Толстяк снова пожал руку подчинённому и вместе с ним вышел из каюты.
XXII
Новым своим положением Беляев был совершенно доволен. Среди мерно кланяющихся мотылей, жужжащих шкивов, под шипенье пара в турбине, с рукояткой реостата в руках регулируя работу вентиляторов, голосящих в потолке машинного отделения напряжённым стонущим воем, или следя за огнистой голубоватой каёмкой, одевающей щётки динамо, Беляев забывал, что он находится не в институтской мастерской, а в недрах парохода, где под ногами у него на несколько сот футов нет ничего, кроме воды.
За три дня службы Беляев, утомлённый напряжёнными ответственными вахтами у электрических приборов, почти не выходил наверх, спеша добраться до своей крошечной каютки и отдохнуть на койке, которая после брезентового тюфячка «Лавенсари» казалась ему роскошным ложем.
Толстяк инженер, по крайней мере, три вахты подряд истязал его испытаниями, заставляя надевать и выпрямлять передачу на ходу, смазывать всё до последнего винтика и разбираться в одну минуту в перепутанных самим же нарочно контактах и ослабленных гайках. Только после этих экзаменов старший инженер оставил нового механика в покое и стал относиться к нему с молчаливым доброжелательством.

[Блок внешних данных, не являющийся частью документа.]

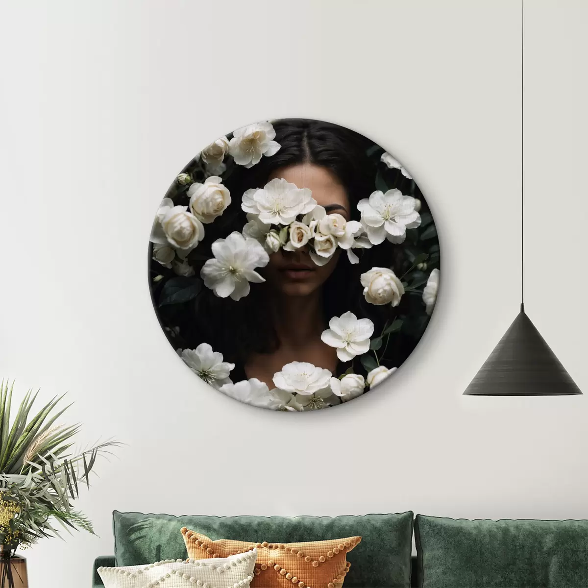 Okrągły obraz Kobieta ukrywająca twarz za białymi kwiatami Nr r38194
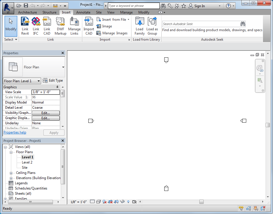 | Anzeigen einer Projektansicht, die noch nicht geöffnet wurde | Navigieren Sie zu der Ansicht im Projektbrowser, und doppelklicken auf den Ansichtsnamen. |
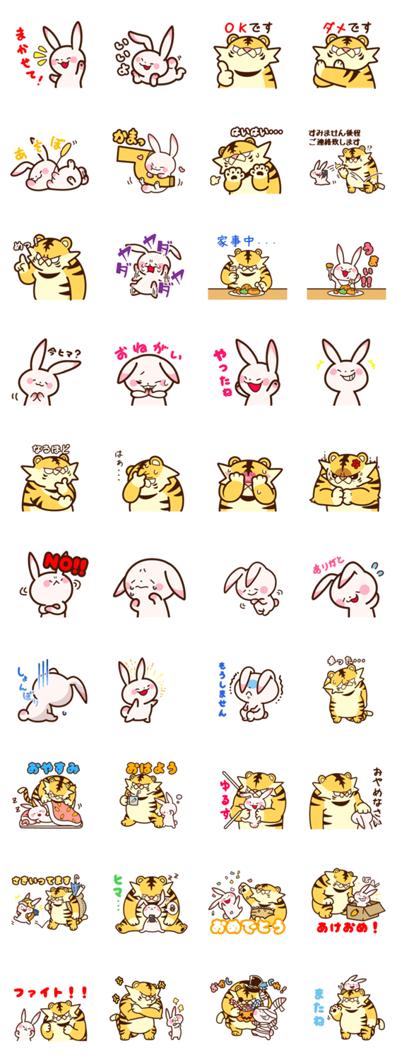 イタズラ好きなうさぎのラビとトラの日常スタンプ。友達がスタンプを連打してきたら「おやめなさい」で止めよう。
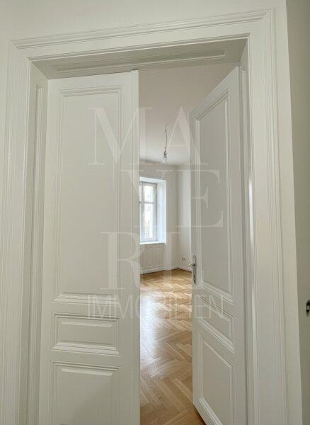 Die gegenständliche Wohnung befindet sich in einer vollständig revitalisierten Mehrparteienvilla und steht kurz vor der finalen Fertigstellung. Der Personenaufzug führt direkt in das großzügige, zentral gelegene Entrée der Wohnung, von welchem sich die Räumlichkeiten wie folgt erschließen:
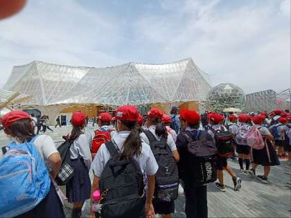 パビリオンに入場します。入場の待ち時間の間、お茶休憩です。本当にいい天気で良かったです。
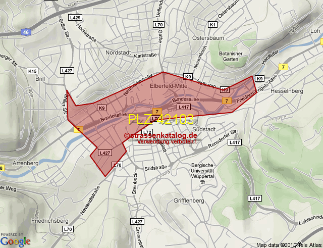 Postleitzahlgebiet (PLZ) 42103
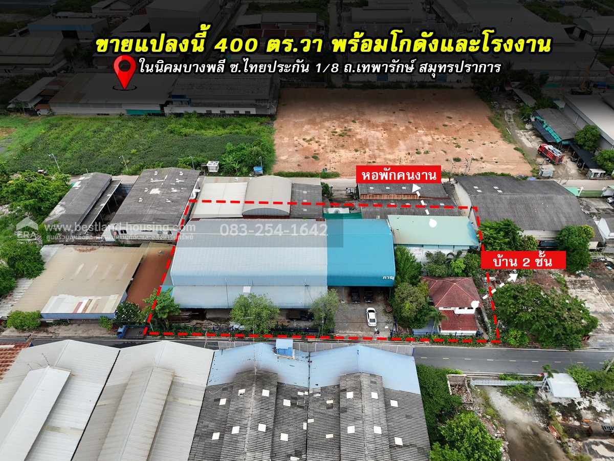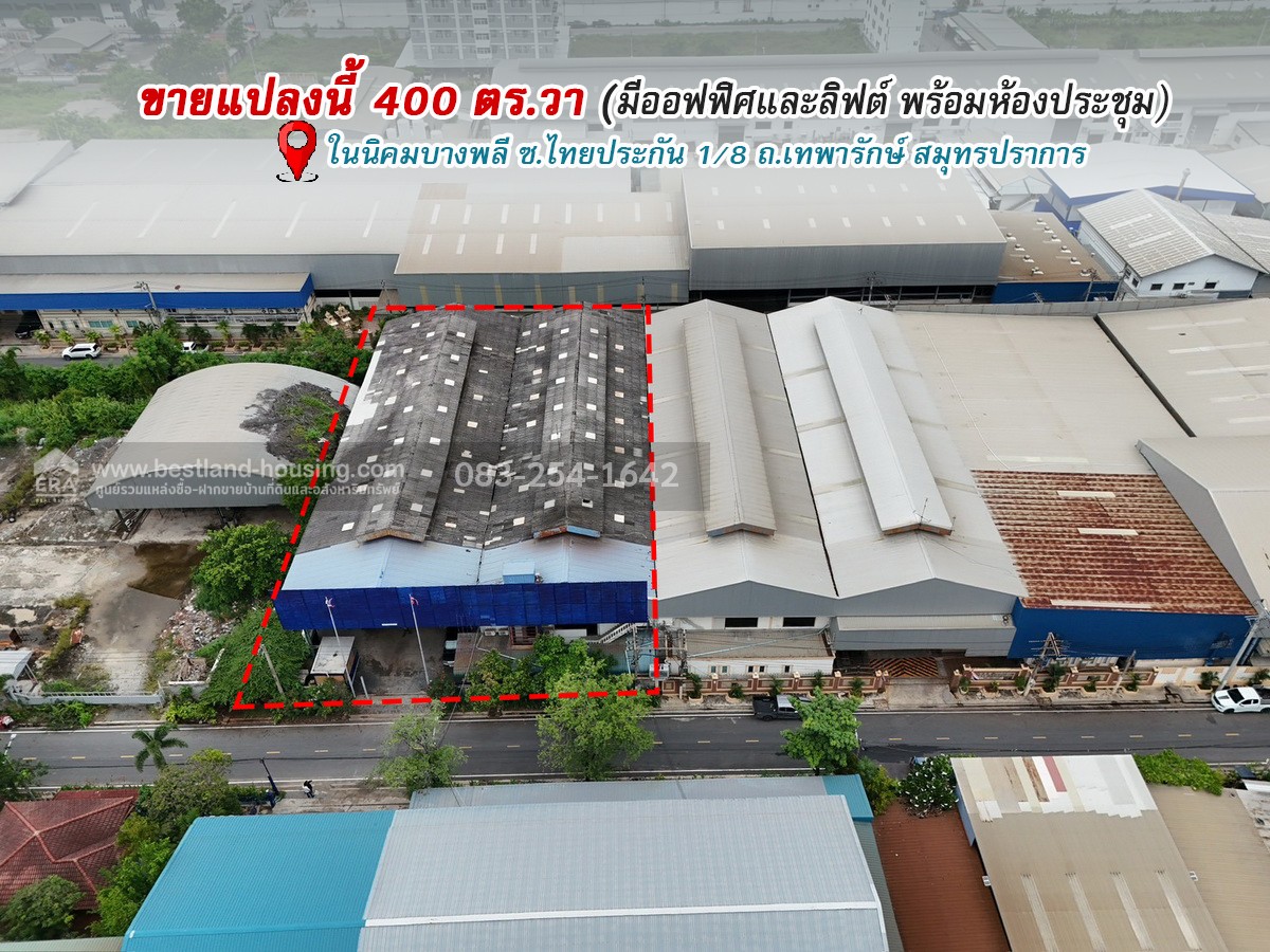 ขายที่ดินพร้อมโกดังและโรงงาน ในนิคมบางพลี สมุทรปราการ ซ.ไทยประกัน 1/8 ถ.เทพารักษ์ ขนาด 400 ตร.วา ทำเลดี การคมนาคมสะดวก ใกล้ถนนหลัก

Зато младший помощник его, здоровый коренастый немец с русыми, распущенными, а-ля Вильгельм, усами и наглым взглядом выпуклых голубых глаз, отчего-то сразу невзлюбил Беляева и обращался с ним до того вызывающе, что у студента созрело твёрдое желание всыпать ему хорошую порцию оплеух при первой же высадке на сушу. В то время как толстенький старший чуть не ежеминутно целый день бегал проведать машину, а во время своих собственных вахт, чёрный, как негр, и просаленный, как кухарка, сам с маслёнкой в руках лазил среди мотылей и поршней, с отеческой нежностью ощупывал подшипники, не нагрелись ли, сбегал в топки к неграм, кочегарам и весело шутил с машинистами, — младший помощник его, Оскар фон Бильдерлинсгоф, затянутый в китель военного образца с широчайшими галунами, с взбитой барашком причёской и ухарски задранными к небу усами, на глазах Беляева ни разу ещё не дотронулся своей холёной, унизанной кольцами и фамильными, с гербом, перстнями, рукой до машины и ограничивался замечаниями издали, которые он отпускал с видом дивизионного генерала.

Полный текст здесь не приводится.